Not sure if you meant to post a picture but that may help. The only holes I can think of in a plyometric box would be hand holes on the sides to grab it. If you're in a hurry and doing it on the cheap, a 4" hole saw hooked up to a drill would put circular holes in the box. A jig saw or oscillating saw would work to cut out the wast between two smaller holes and make a more elongated slot. A router with a pattern bit and a jig to guide it would be the more "professional" approach, but would require a router and considerably more set up time making the pattern/jig. There's a couple ways to skin this cat.
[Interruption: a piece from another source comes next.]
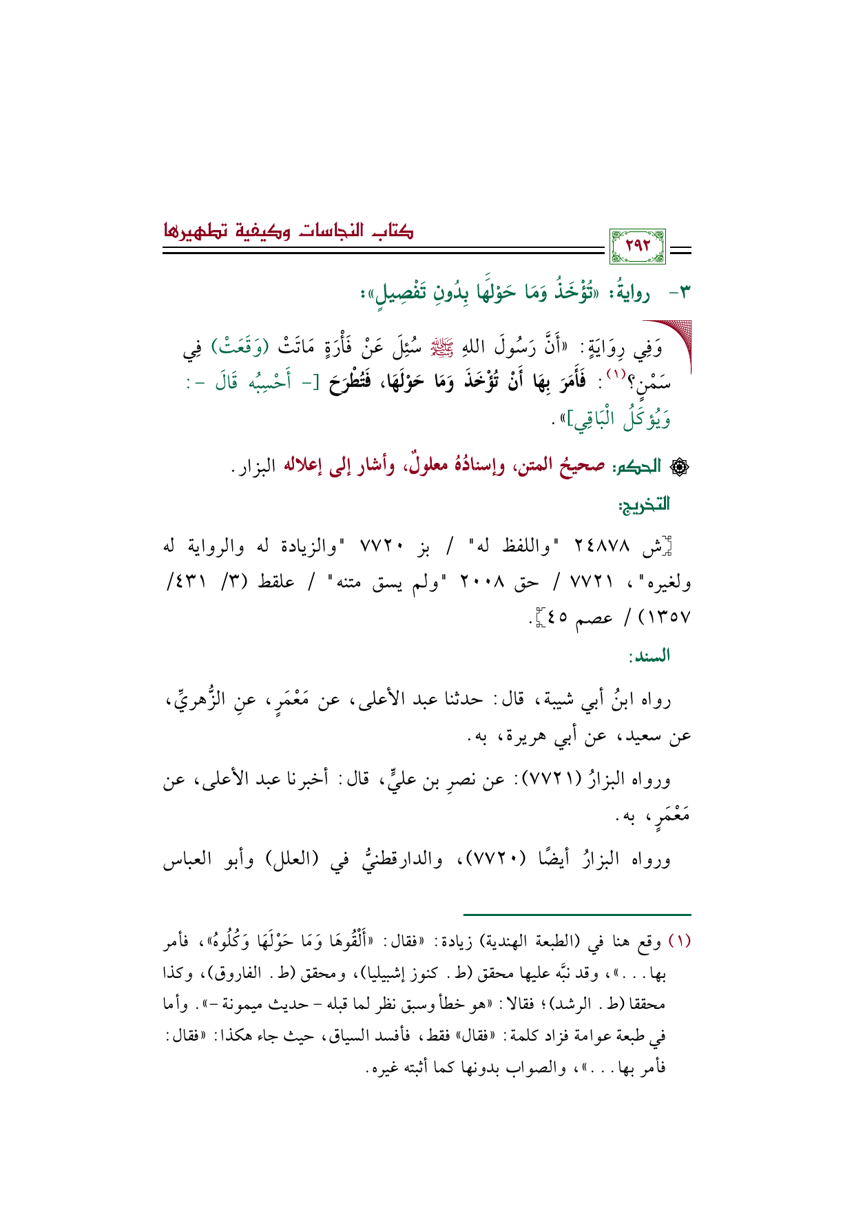 (¬١) وقع هنا في (الطبعة الهندية) زيادة: ((فقال: ((أَلْقُوهَا وَمَا حَوْلَهَا وَكُلُوهُ))، فأمر بها ... ))، وقد نبَّه عليها محقق (ط. كنوز إشبيليا)، ومحقق (ط. الفاروق)، وكذا محققا (ط. الرشد)؛ فقالا: ((هو خطأ وسبق نظر لما قبله -حديث ميمونة-)). وأما في طبعة عوامة فزاد كلمة: ((فقال)) فقط، فأفسد السياق، حيث جاء هكذا: ((فقال: فأمر بها ... ))، والصواب بدونها كما أثبته غيره.

Not sure if that is what you're talking about but hope it helps.


----------



## MrUnix (May 18, 2012)

In all the pictures I can find, those 'small circles' are either nails or screws. Only holes I see are one on each end to be use as handles.

Cheers,
Brad


----------



## John Smith_inFL (Dec 15, 2017)

Forstner Bit or Hole Saw if you have it and finish up with the jig saw.
(or if you are handy, cut the entire hole with a jig saw).

.


----------



## SMP (Aug 29, 2018)

Small hole? On a plyo box? Do you mean the countersunk screw holes?

I use ones like this
https://www.homedepot.com/b/Tools-Power-Tool-Accessories-Drill-Bits-Countersink-Bits/N-5yc1vZc8xp


----------



## Saukit (Jul 29, 2020)

Agree with the other posters in that a pic would be greatly helpful. However your post makes me think of a friend of mine that makes plyo boxes for gyms in bulk. He uses a design very similar to the one John Smith posted, but since he makes a lot of them he outsourced the panel production to a guy with a CNC machine. The CNC machine has a very specific bit size which results in the corners for the tab cutouts having a small circular shape. The CNC machine won't do a 90 degree inside corner because the bit is circular.


----------



## Smirak (Dec 24, 2016)

OP could also be talking about the "dog bone corners" that are created when the pcs of plywood are cut on the cnc. That's what my rogue plyo boxes look like at least.


----------



## AndyJ1s (Jan 26, 2019)

The holes, and cutout between, them could also be cut with a mortising bit of the desired diameter, with a plunge router, preferably on a router table. You would need to cut a smaller slot with a plunge cutting (center cutting) bit to clear the non-cutting center of most mortising bits. A jig built to locate the stock and limit the cut would help a lot if you are making several of these boxes.


----------